Real talk: If you’re trying to help people like me, don’t stop. Keep trying. Always keep trying. Whatever it is that you’re able to do for the person you care about who is caught in this chaotic web, do it. Don’t second guess yourself. It’s like when someone’s in a coma—sometimes they wake up and say they heard you, heard what you were saying, but they were trapped in another place trying hard to get out. That’s what it’s like. So just know that your person hears you. They’re trying, even when it looks like the exact opposite. Your instincts are right—your persistence will translate to their strength at some point. Not every time, but it’s always worth it. And you never know what word or words, what moment, what argument is going to be the factor that tips the balance towards good.
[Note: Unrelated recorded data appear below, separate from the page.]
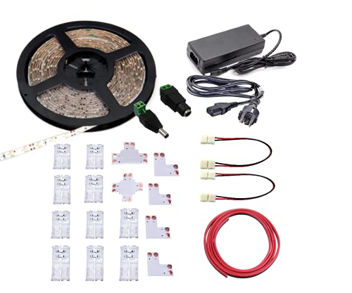 Jandei - Kit de bande LED flexible 12 V, 120 LEDs/m, IP20 pour intérieur, SMD2835, bobine 5 mètres, lumière blanche 6000 K (prêt à être assemblé, avec transformateur)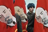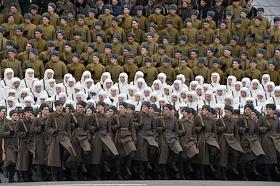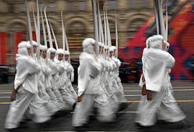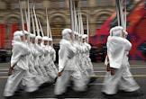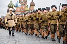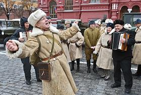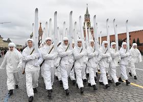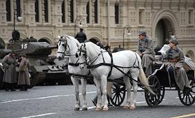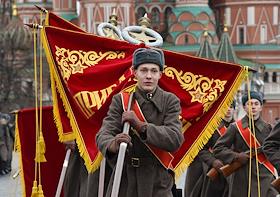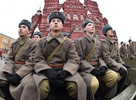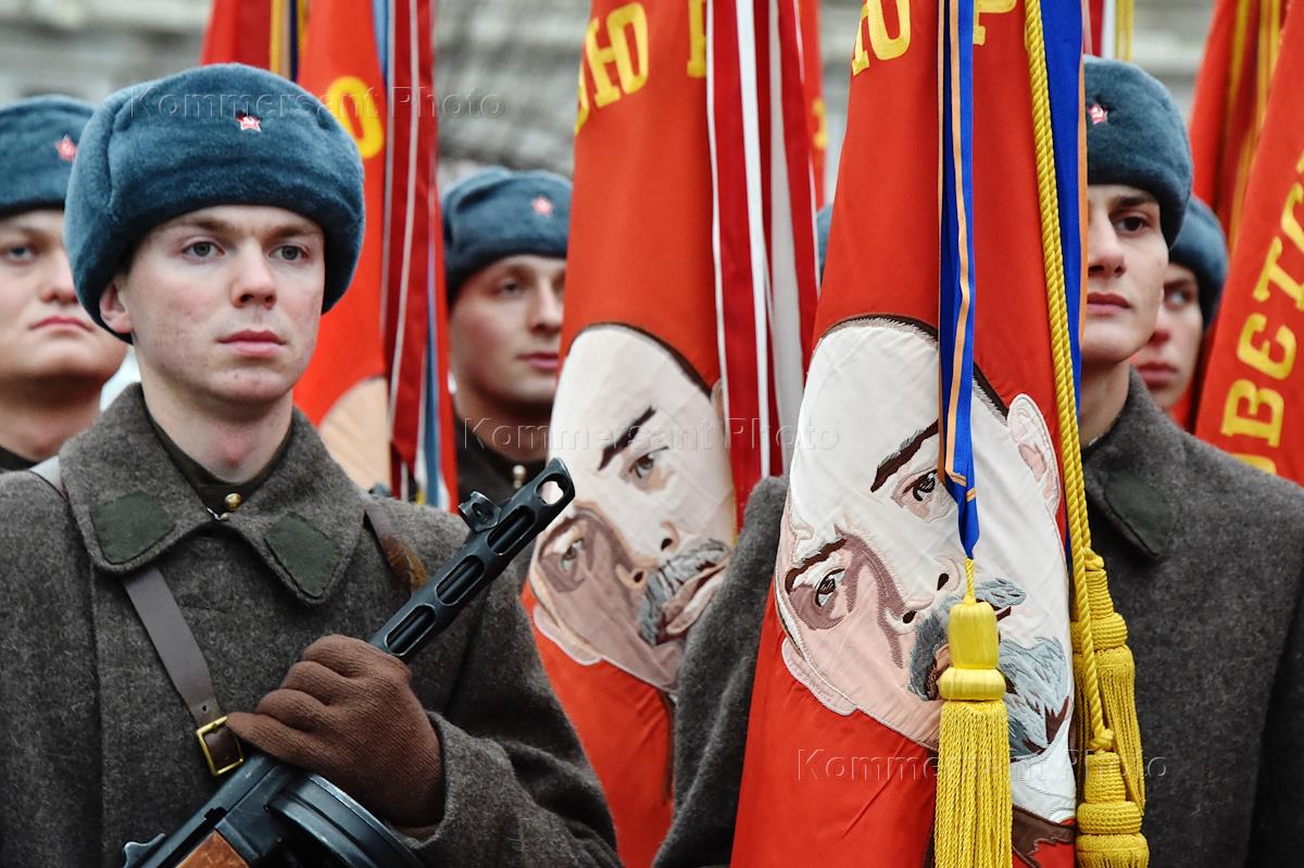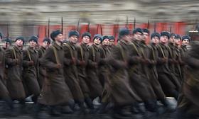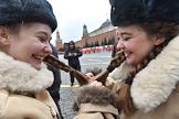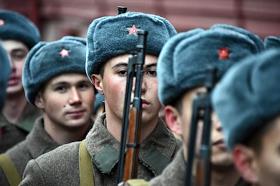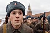Участники торжественного марша, посвященного легендарному параду 7 ноября 1941 года на Красной площади.
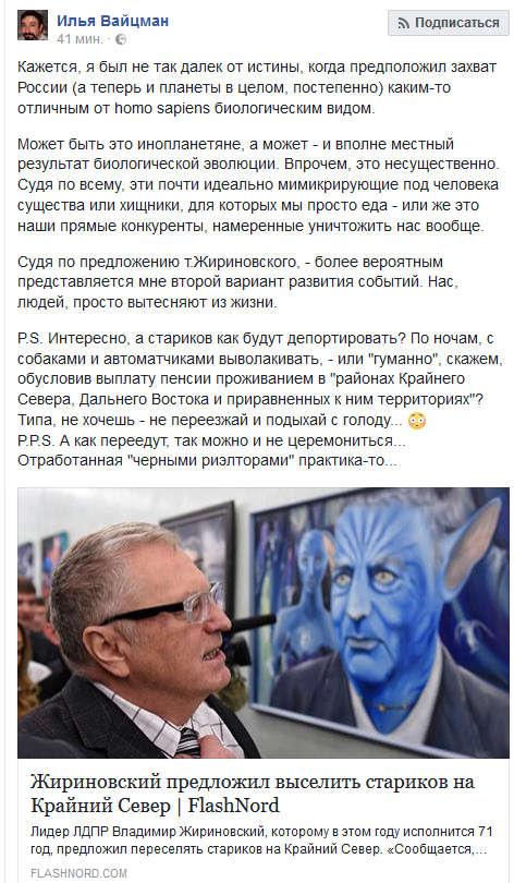 Дагот Опубліковано: 24 січня 2017 Опубліковано: 24 січня 2017 Саша Сотник Очень много постов о том, как упало качество еды. Очень много. Сетуют и даже почти возмущаются. Ребята, а что вы хотели? Всех ненавидеть, ни хрена не производить, кроме трупов от "руццкага мира", убивать соседей и сытно при этом жрать? Так не бывает. Бывает иначе. Мир отворачивается и огораживается от вас. На смену дорогим и качественным продуктам приходит гнилье, на смену качественным пищевым добавкам приходят дешевые канцерогены. Медицина загибается, онкология и СПИД процветают. Это называется даже не геноцид. Геноцид - это когда кровавый диктатор убивает население миллионами. А тут население само с пеной у рта поддерживает кучку бандитов, либо - прячется в глубокой "несознанке". Так что это - не геноцид. Это - естественный процесс самопожирания империи. Я еще об этом напишу. Подробно. Захорошеет...

My story isn’t original, but I’m starting to ever-so-slightly believe that perhaps I am. Perhaps I’m original. And perhaps, my story can be retold. Perhaps I can retell it—reshape it—relive it. At least from this point forward.
This Mike Chalmers dude—your Observer editor—yanked me out of a boxing gym once and gave me a lecture that nearly had me in tears. I mean, there’s tough love, and then there’s that lecture—believe it. And thus, I ignored just about every word of it, at the time. But one thing he said, tipped the balance for me. And it’s why I’m writing this for him today.
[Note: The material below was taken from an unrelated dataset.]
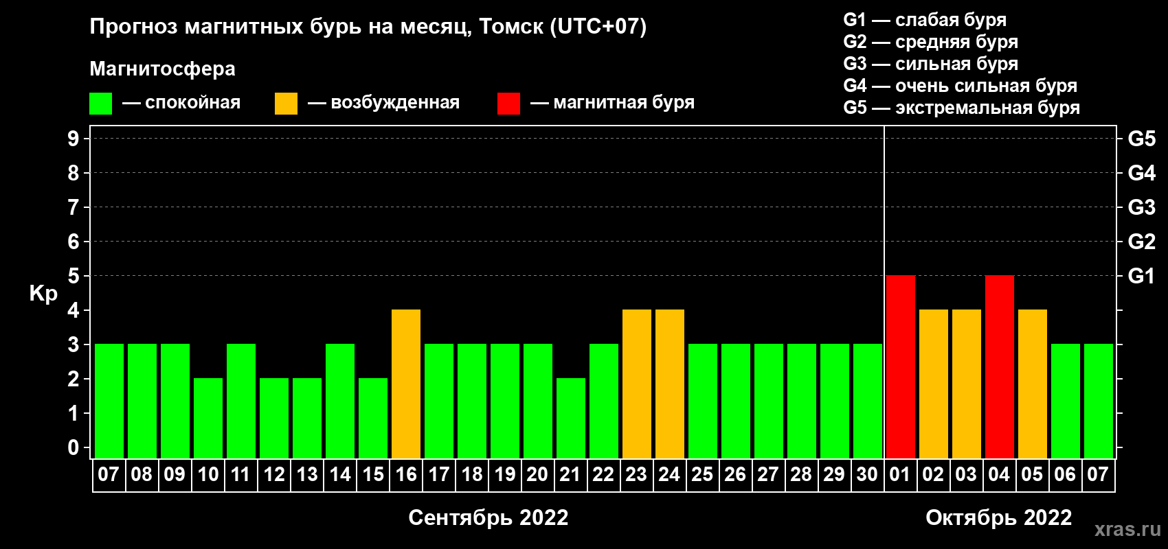 Прогноз магнитных бурь в Томске на 7 сентября 2022 года
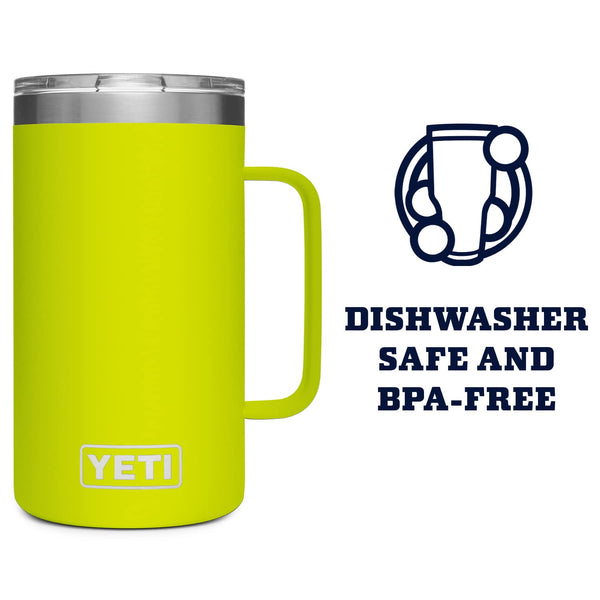 YETI Rambler 24 oz Stainless Steel Vacuum Insulated Mug with Lid Many camping mugs dont stand a chance in the wild. But when youre bleary-eyed, drinking coffee around a campfire in the backcountry, creature comforts like a hot mug of joe give you enough fuel to push on. So we decided to make a mug of our own that could withstand our off-the-grid adventures. The Rambler 24 oz. Mug is made of 18/8 stainless steel, so its durable enough to strap to the outside of your pack and go. Its full-loop TripleGrip Handle is comfortable for wider hands and easy to grab. Itll keep your coffee hot (or water cold) for hours on end and still has the same Rambler features, like No Sweat Design and double-wall vacuum insulation, that makes this drinkware built for the wild.

He said, “That’s what you were. But it’s not what you are.”
Mike, I know I didn’t say it at the time. But I’m saying it now. Thank you.
I can’t make any promises, brother—at least not yet. But I’ve spent almost a year attempting to fully digest what you said—what it means to me now, and moving forward.
I look at it as the footers—the foundation—for the structure I’m giving to my recovery. A structure that will one day have walls and a roof, and then windows so I can look out at the world and contemplate. And then a front door, and then a porch. And then stairs—that I can walk down when I’m ready, step onto the sidewalk. And rejoin the world.
— ARTICLE BY: Josh, from Chicago, via Detroit. He requested that The Observer use these pictures of a white wolf—his spirit animal—which symbolizes, among other things, resilience.